1518 yılında çıkmış olduğu Güney Afganistan seferinde Kunar ile Sind arasındaki topraklara hâkim olan Babür Şah, 15 Şubat 1519 yılında Hindistan’a da hâkim olmak amacıyla Bihre’nin kuzeyine doğru hareket etmiştir. Büyük hedefi olan Hindistan seferini ancak 1525 yılına gelindiğinde yapan Babür Şah, önce Pencap ardından Delhi üzerine yürümüştür. Nisan 1526’da yapılan savaşta Bâbür Şah, Osmanlı savaş nizamını uygulamıştır. Ok, gülle ve top gibi ateşli silahları da kullanmasıyla Delhi Sultanlığı’nda hüküm süren İbrâhîm-i Lûdî’yi büyük bir yenilgiye uğratmış ve Lûdîler’in hâkimiyetini sona erdirmiştir. Delhi’nin ele geçirilmesinin ardından vilayet makamlarına tayinler yapılmış ve ardından da Babür Şah adına hutbe okutulduktan sonra, Agra’ya doğru hareket edilmiştir. Agra’ya girilmesiyle burada da Babür adına hutbe okutulmuştur. Babür Şah, bu büyük başarısıyla Delhi ve Agra’yı topraklarına katarak aynı yıl Babürlü Hanedanı’nı kurmuştur. Bu durum Babürlülerin Hindistan’da yurt tutmasının başlangıcı olmuştur.
1527 yılının Mart ayında, Çitor Racası olan Rânâ Sangâ kalabalık bir ordu ile Babürler üzerine yürümüş ve iki ordu Biyâne yakınlarındaki Hânüvâ’da karşılaşmışlardır. Savaş sonucunda arabalar üzerine yerleştirilmiş toplar karşısında tutunamayan Hindular büyük kayıp vermişlerdir. Kânvâ Muharebesi’nde elde edilen zaferden sonra Babür Şah, Agra’ya yerleşmiştir. Ayrıca yapılan bu savaşın ardından bastırılan paralarda Babür ismi yanına “gazi” unvanı da eklenmiştir. Bu zaferden bir sene sonra Babür Şah, 1528 yılında Çanderi’e saldırarak Raca Medini Rao’yu mağlup etmiş ardından Ganj Nehri’ni geçerek, topçular sayesinde Lûdîler’e sadık kalan kuvvetleri de yenilgiye uğratmıştır. Böylece 21 Mart 1528 tarihinde Leknev de Babürlü topraklarına katılmıştır.

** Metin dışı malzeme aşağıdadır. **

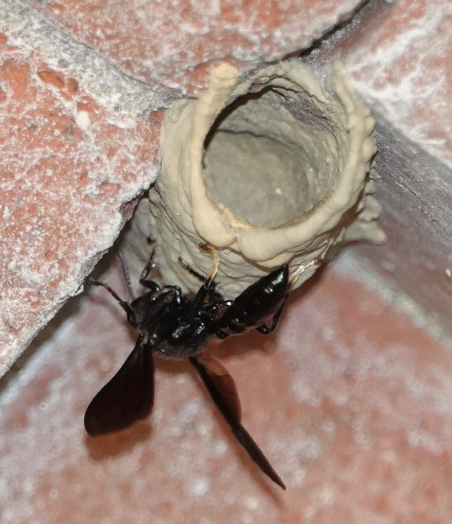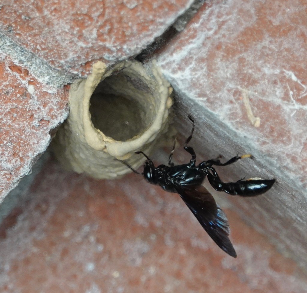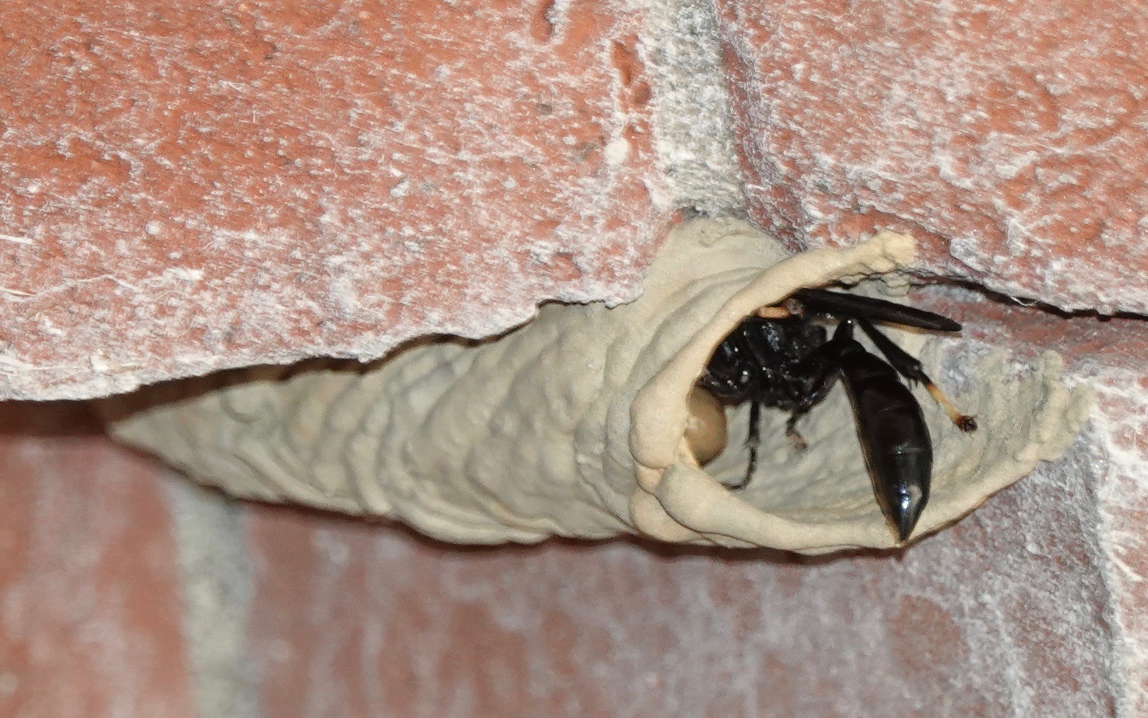 The females construct these tubes with small balls of mud. Since she’s inside here, I suspect that she’s constructing an internal wall, to separate the chambers she stuffs with paralyzed spiders and one of her eggs.

1530 yılına gelindiğinde hastalanan Babür Şah’ın yaşamı boyunca on sekiz çocuğu olduğu bilinmektedir ancak öldüğünde dört oğlu ile üç kızı hayatta idi. Bunlar Hümâyun, Kâmrân, Askerî, Hindâl, Gülreng, Gülçehre ve Gülbeden’dir. Hastalığının giderek ağırlaşması üzerine bütün emirleri huzuruna çağırarak oğlu Hümâyun’u hükümdar ilân etmiştir. Üç gün sonra 26 Aralık 1530 tarihinde Agra’da vefat eden Babür Şah’ın naaşı Cemne Nehri kenarındaki Nûr-Efşân bahçesinde toprağa verildiyse de vasiyeti gereğince altı ay sonra Kâbil’e taşınmış ve Bâğ-ı Bâbür’de yakınlarının yanına gömülmüştür. Şah Cihan 1646 yılında Babür için muhteşem bir türbe inşa ettirmiştir. Babür Şah’ın savaşlarla geçen hayatında çok yıpranmış ve bu durumun sağlığını günden güne bozmuştur. Tarihî kaynaklara göre Babür, kendi ifadesiyle Hindistan’ın sıhhate muzır havasının da tetiklediği kronik sıtmadan ötürü hastalanmıştır. Ayrıca oğlu Hümayun tarafından zehirletilme teşebbüsü ile kendini eski inançların bir gereği olarak oğlu Hümayun için kurban etmesi neticesinde vefat ettiği yönünde iddialar da bulunmaktadır.